START Data extract

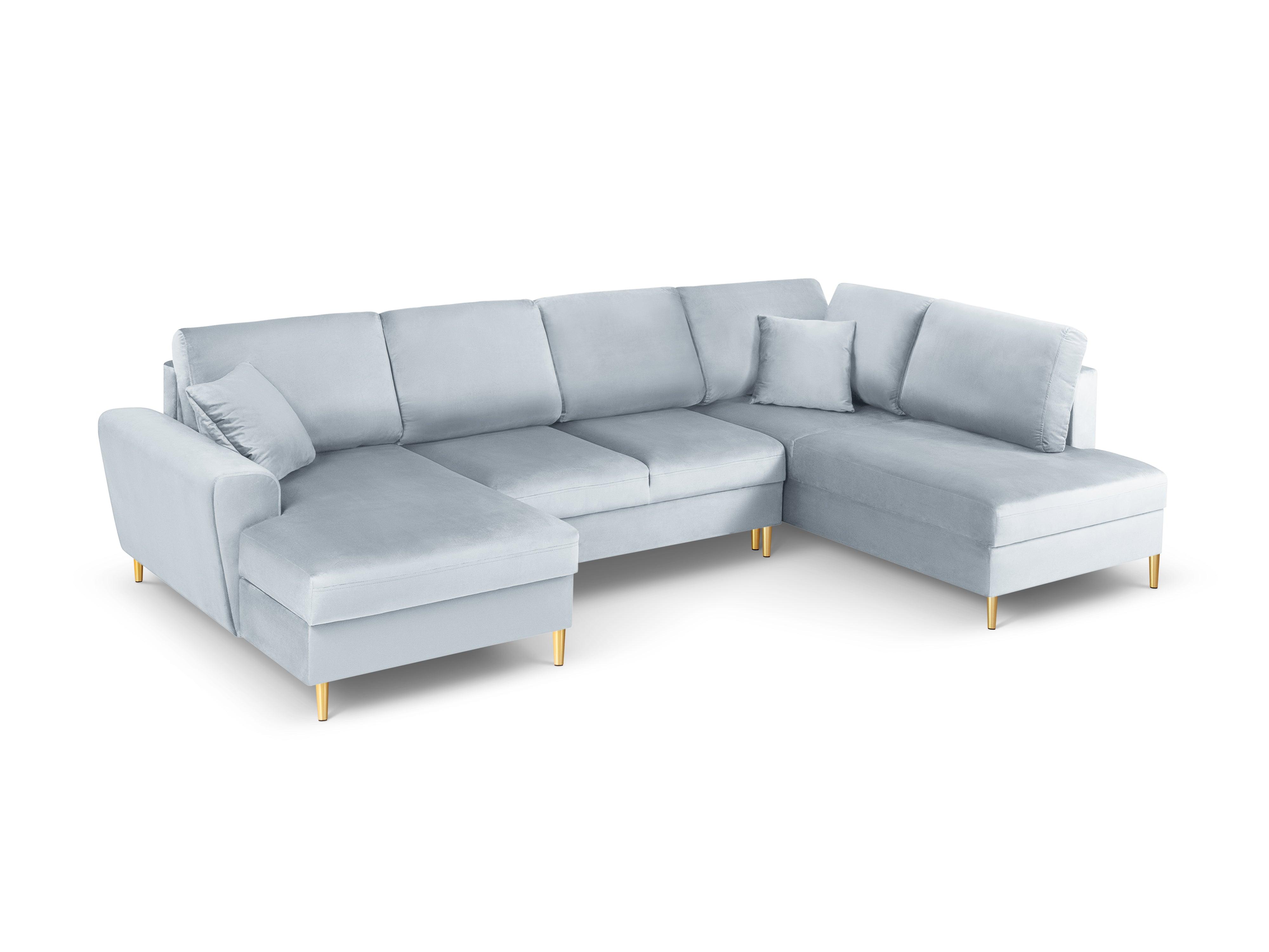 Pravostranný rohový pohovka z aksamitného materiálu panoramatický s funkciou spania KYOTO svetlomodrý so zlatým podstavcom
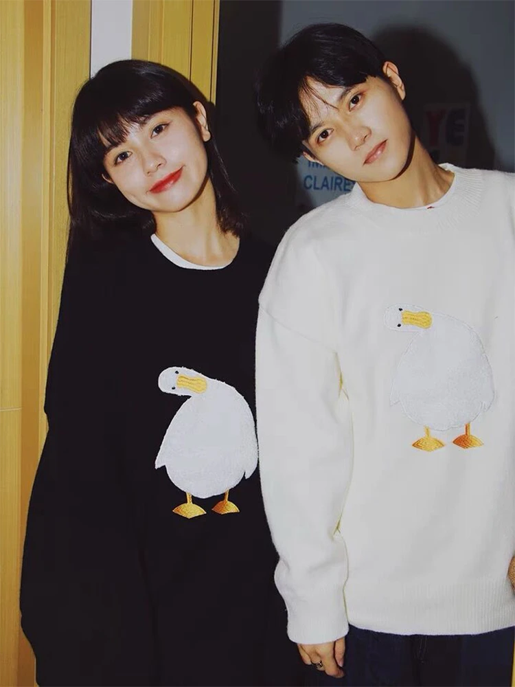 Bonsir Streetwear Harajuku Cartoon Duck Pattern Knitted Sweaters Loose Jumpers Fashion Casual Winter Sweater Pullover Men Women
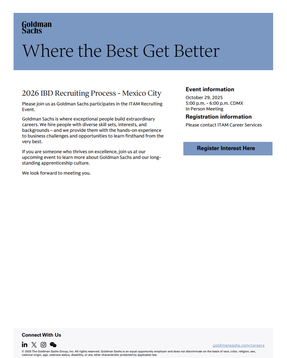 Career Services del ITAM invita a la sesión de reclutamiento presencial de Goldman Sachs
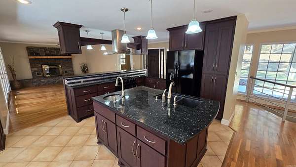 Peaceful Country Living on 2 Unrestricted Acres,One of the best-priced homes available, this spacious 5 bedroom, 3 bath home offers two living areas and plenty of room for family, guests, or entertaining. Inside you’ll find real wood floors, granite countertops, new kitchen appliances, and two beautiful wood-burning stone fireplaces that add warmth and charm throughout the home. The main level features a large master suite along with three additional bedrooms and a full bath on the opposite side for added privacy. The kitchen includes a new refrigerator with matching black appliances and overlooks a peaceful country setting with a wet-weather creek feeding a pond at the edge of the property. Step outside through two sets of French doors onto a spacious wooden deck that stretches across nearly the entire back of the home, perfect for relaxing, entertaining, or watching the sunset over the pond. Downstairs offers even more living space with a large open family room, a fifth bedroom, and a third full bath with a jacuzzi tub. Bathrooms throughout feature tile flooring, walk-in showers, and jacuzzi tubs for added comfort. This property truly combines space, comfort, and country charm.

END Data extract
START Data extract

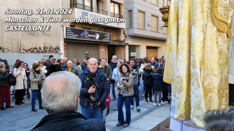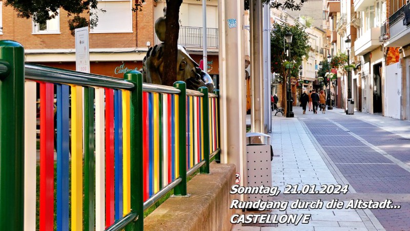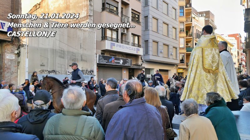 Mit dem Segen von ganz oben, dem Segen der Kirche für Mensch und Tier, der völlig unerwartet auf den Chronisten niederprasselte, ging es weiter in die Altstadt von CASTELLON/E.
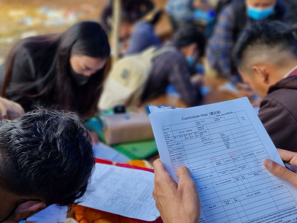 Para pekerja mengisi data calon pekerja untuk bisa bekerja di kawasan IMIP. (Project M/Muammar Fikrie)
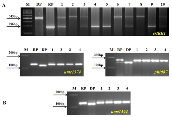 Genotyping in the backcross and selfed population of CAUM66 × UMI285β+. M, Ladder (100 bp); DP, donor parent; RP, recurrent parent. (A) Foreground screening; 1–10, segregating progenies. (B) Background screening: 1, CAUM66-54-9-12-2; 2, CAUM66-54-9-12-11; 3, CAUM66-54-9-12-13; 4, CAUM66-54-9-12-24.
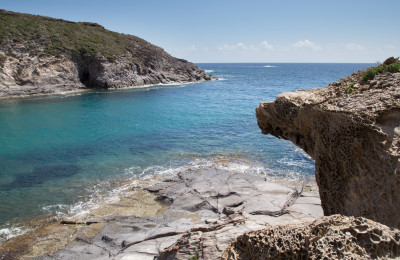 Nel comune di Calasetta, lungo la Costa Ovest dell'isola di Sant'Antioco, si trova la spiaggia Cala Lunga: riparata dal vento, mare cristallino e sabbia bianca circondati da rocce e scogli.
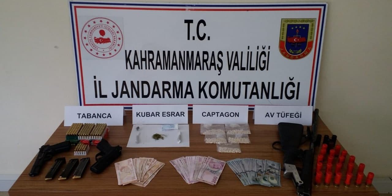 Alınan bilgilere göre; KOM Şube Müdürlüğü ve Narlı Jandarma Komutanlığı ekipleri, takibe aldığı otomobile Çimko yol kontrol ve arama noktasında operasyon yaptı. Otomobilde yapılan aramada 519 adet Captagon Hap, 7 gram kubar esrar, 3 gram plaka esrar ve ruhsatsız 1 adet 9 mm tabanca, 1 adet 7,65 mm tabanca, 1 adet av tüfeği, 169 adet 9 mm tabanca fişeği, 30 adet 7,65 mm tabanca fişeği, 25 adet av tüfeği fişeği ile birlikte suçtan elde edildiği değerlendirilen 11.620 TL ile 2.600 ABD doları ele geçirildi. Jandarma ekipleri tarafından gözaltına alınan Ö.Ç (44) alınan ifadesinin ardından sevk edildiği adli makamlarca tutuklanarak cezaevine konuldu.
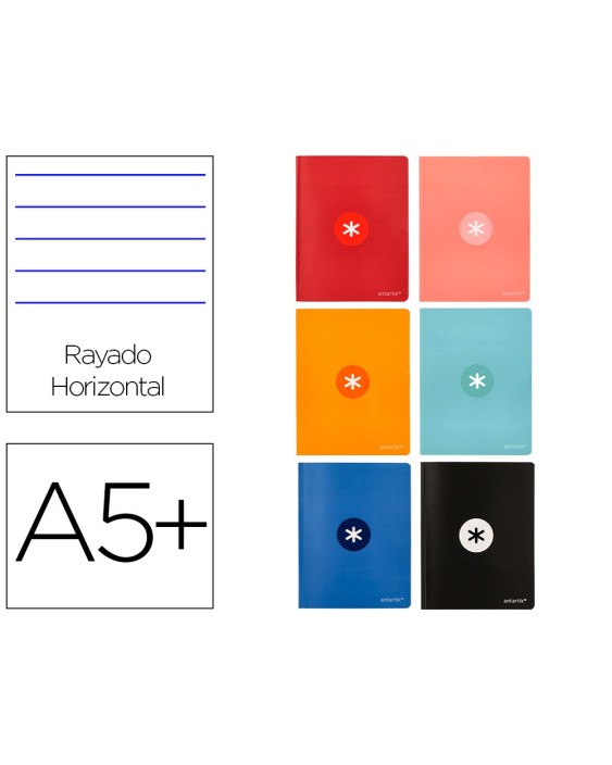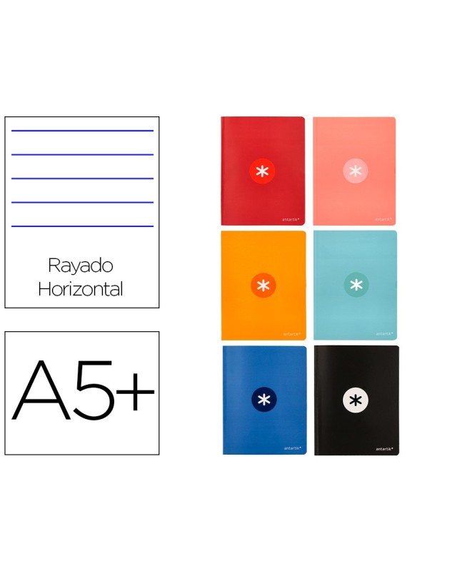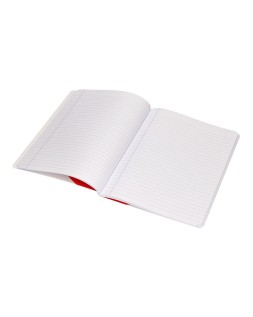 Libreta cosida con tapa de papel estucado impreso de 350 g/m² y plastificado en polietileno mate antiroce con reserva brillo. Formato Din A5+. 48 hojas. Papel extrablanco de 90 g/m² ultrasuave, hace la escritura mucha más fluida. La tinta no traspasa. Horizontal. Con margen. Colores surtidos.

END Data extract

-- Exercise goal --
Using the records above, return verbatim only the part that opens with the line containing "Genotyping in the" and closes with the line containing "Nel comune di"; pictures stay out.

-- Output for this task --
 Genotyping in the backcross and selfed population of CAUM66 × UMI285β+. M, Ladder (100 bp); DP, donor parent; RP, recurrent parent. (A) Foreground screening; 1–10, segregating progenies. (B) Background screening: 1, CAUM66-54-9-12-2; 2, CAUM66-54-9-12-11; 3, CAUM66-54-9-12-13; 4, CAUM66-54-9-12-24.
 Nel comune di Calasetta, lungo la Costa Ovest dell'isola di Sant'Antioco, si trova la spiaggia Cala Lunga: riparata dal vento, mare cristallino e sabbia bianca circondati da rocce e scogli.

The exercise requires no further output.